ChatAD: Reasoning-Enhanced Time-Series Anomaly Detection with Multi-Turn Instruction Evolution
Hui Sun, Chang Xu, Haonan Xie, Hao Li, Yuhao Huang, Chuheng Zhang, Ming Jin, Xiaoguang Liu, Gang Wang, Jiang Bian
TL;DR
ChatAD introduces a reasoning-enhanced approach to time-series anomaly detection by leveraging a multi-agent Time Series Evolution framework (TSEvol) to synthesize rich, multi-turn reasoning data (TSEData-20K) for training a family of ChatAD models. It couples this data with Time Series Kahneman-Tversky Optimization (TKTO) to improve cross-task generalization across classification, forecasting, and imputation, and validates performance with LLADBench across seven datasets. The results show substantial gains in single-turn AD accuracy and F1, dramatic reductions in false positives, and strong multi-turn dialogue capabilities, underscoring the value of explicit reasoning and interactive data evolution for TS tasks. Despite strong performance, the work notes limitations of current transformer-based models in fully capturing numeric patterns and points to future directions in TS-tailored architectures and multi-modal extensions to broaden applicability.
Abstract
LLM-driven Anomaly Detection (AD) helps enhance the understanding and explanatory abilities of anomalous behaviors in Time Series (TS). Existing methods face challenges of inadequate reasoning ability, deficient multi-turn dialogue capability, and narrow generalization. To this end, we 1) propose a multi-agent-based TS Evolution algorithm named TSEvol.
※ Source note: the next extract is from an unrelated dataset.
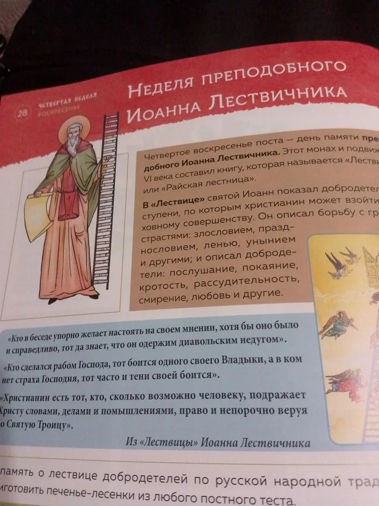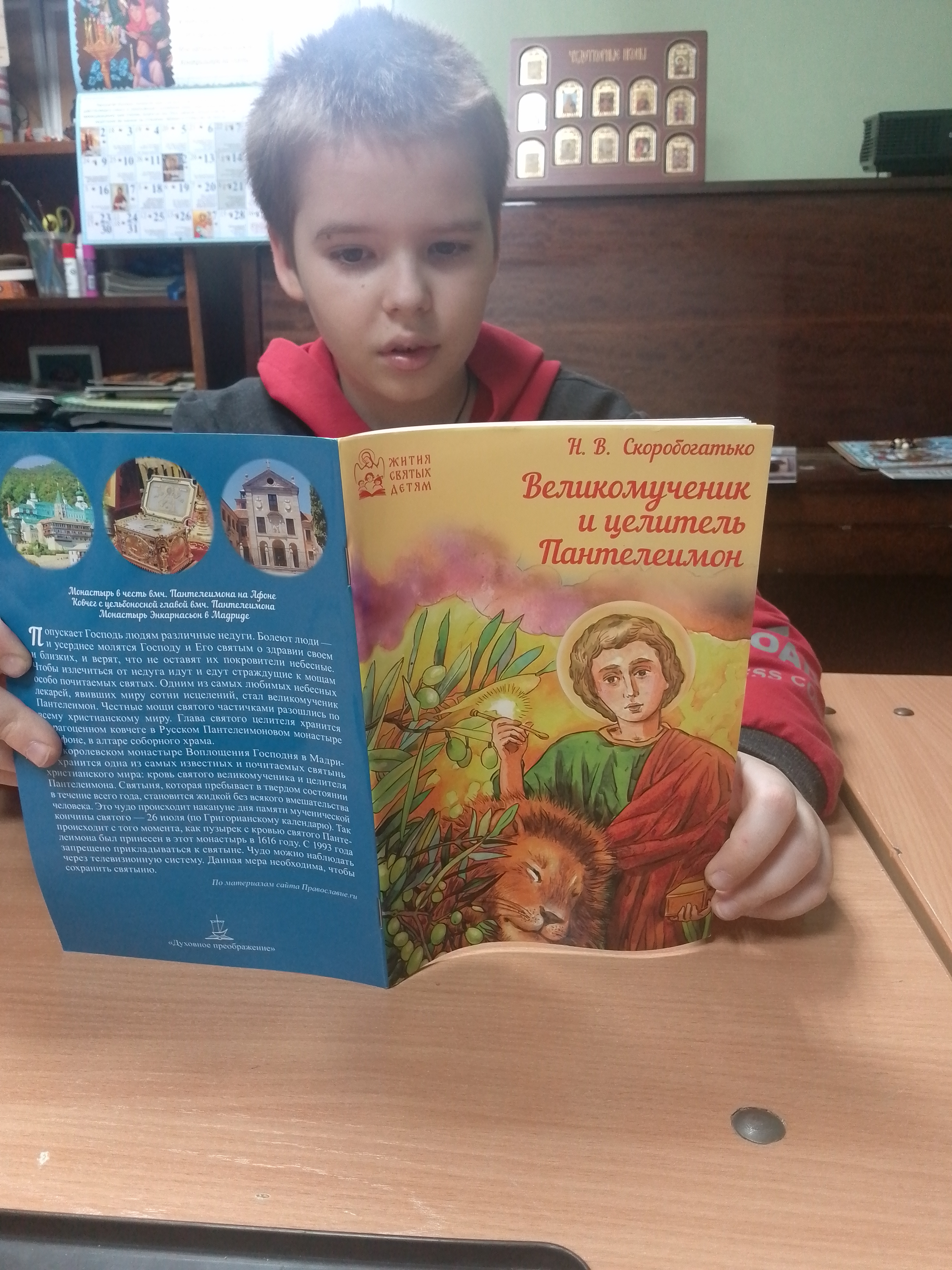 Один из ребят, по имени Степан, с удовольствием читал житие святого великомученика и целителя Пантелеимона. На занятии дети прочитали о праздновании дня 40 Севастийских мучеников на Руси и по цепочке изучили псалом 40-й из детского православного календаря «Егорушка». Из книги «Великий пост» узнали о Неделе Иоанна Лествичника, также празднуемой сегодня.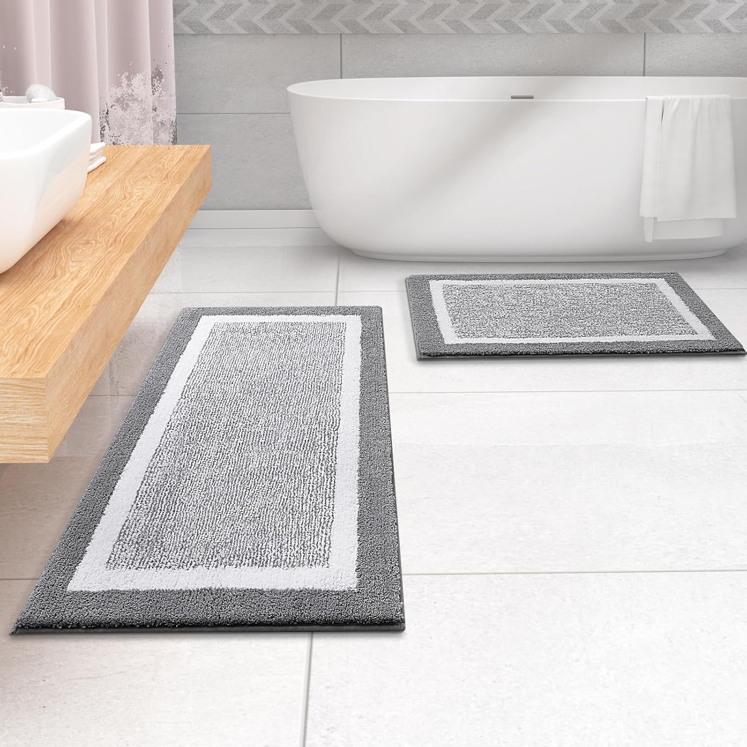 Smiry Неплъзгащ се килим за баня, Супер мека абсорбираща постелка за баня, Переща се постелка за баня, Пухкава постелка за душ за баня, Микрофибърна постелка за баня, 60 x 90 см, Сив

On top of it, we 2) introduce the AD reasoning and multi-turn dialogue Dataset TSEData-20K and contribute the Chatbot family for AD, including ChatAD-Llama3-8B, Qwen2.5-7B, and Mistral-7B. Furthermore, 3) we propose the TS Kahneman-Tversky Optimization (TKTO) to enhance ChatAD's cross-task generalization capability. Lastly, 4) we propose a LLM-driven Learning-based AD Benchmark LLADBench to evaluate the performance of ChatAD and nine baselines across seven datasets and tasks. Our three ChatAD models achieve substantial gains, up to 34.50% in accuracy, 34.71% in F1, and a 37.42% reduction in false positives. Besides, via KTKO, our optimized ChatAD achieves competitive performance in reasoning and cross-task generalization on classification, forecasting, and imputation.